Dai retta allo zio, per lo meno in Italia alla fine non ci sarà NESSUN vero guadagno per chi fornirà l’accesso alla propria batteria, siamo in un paese dove se sta cosa dovesse veramente funzionare e generare un guadagno prima te lo tassano con rata da pagare in anticipo e poi se la gente si ostina ti inventano il “registro nazionale dei batteristi” a cui bisogna iscriversi per forza se non vuoi che lo stato ti ciucci la batteria gratis.

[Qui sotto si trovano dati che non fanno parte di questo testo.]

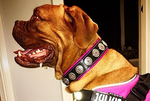 BESTIA CUSTOM DOG GEAR presenta: Nuestro collar «Bijou» es la joyería de cuero que tu perro puede usar todos los días. Este collar tiene 7 (hasta 13) remaches decorativos con un cristal verde de 6 mm de ancho. Cuenta con nuestro popular acolchado de cuero genuino en el interior, es muy suave y gentil con el cuello de tu perro. El ancho total del collar, incluyendo el acolchado es de 2 pulgadas. Todas las partes metálicas y remaches son niquelados, color plateado. La hebilla y el anillo D son de 30 mm (1,2 pulgadas) de ancho. Disponible en las siguientes tallas: talla S (para un cuello de 13,8 a 16,7 pulgadas) talla M (para un cuello de 16,7 a 19,7 pulgadas) talla L (para un cuello de 19,7 a 22,6 pulgadas) talla XL (para un cuello de 22,6 a 25,6 pulgadas) POR FAVOR, MIDE EL CUELLO DE TU PERRO ANTES DE HACER TU PEDIDO. 100% cuero genuino. Acolchado suave. Calidad hecha a mano. Fabricado en Europa. Diseño único.

Come se ste cose non le conoscessi a menadito, dai… 🙂
Ma guarda le CER, che sono semplicemente disincentivanti per regolamenti e vessazioni.
E tutto questo perchè gli attori di questo sistema son tutti dei “piratelli” nell’intimo e non vogliono investire nemmeno in BESS che come giustamente dici ormai hanno costi assolutamente affrontabili.
Nemmeno a sei mesi, gli importa solo la trimestrale di cassa.
Io oramai ste cose finchè non le vedo non ci credo, mi spiace.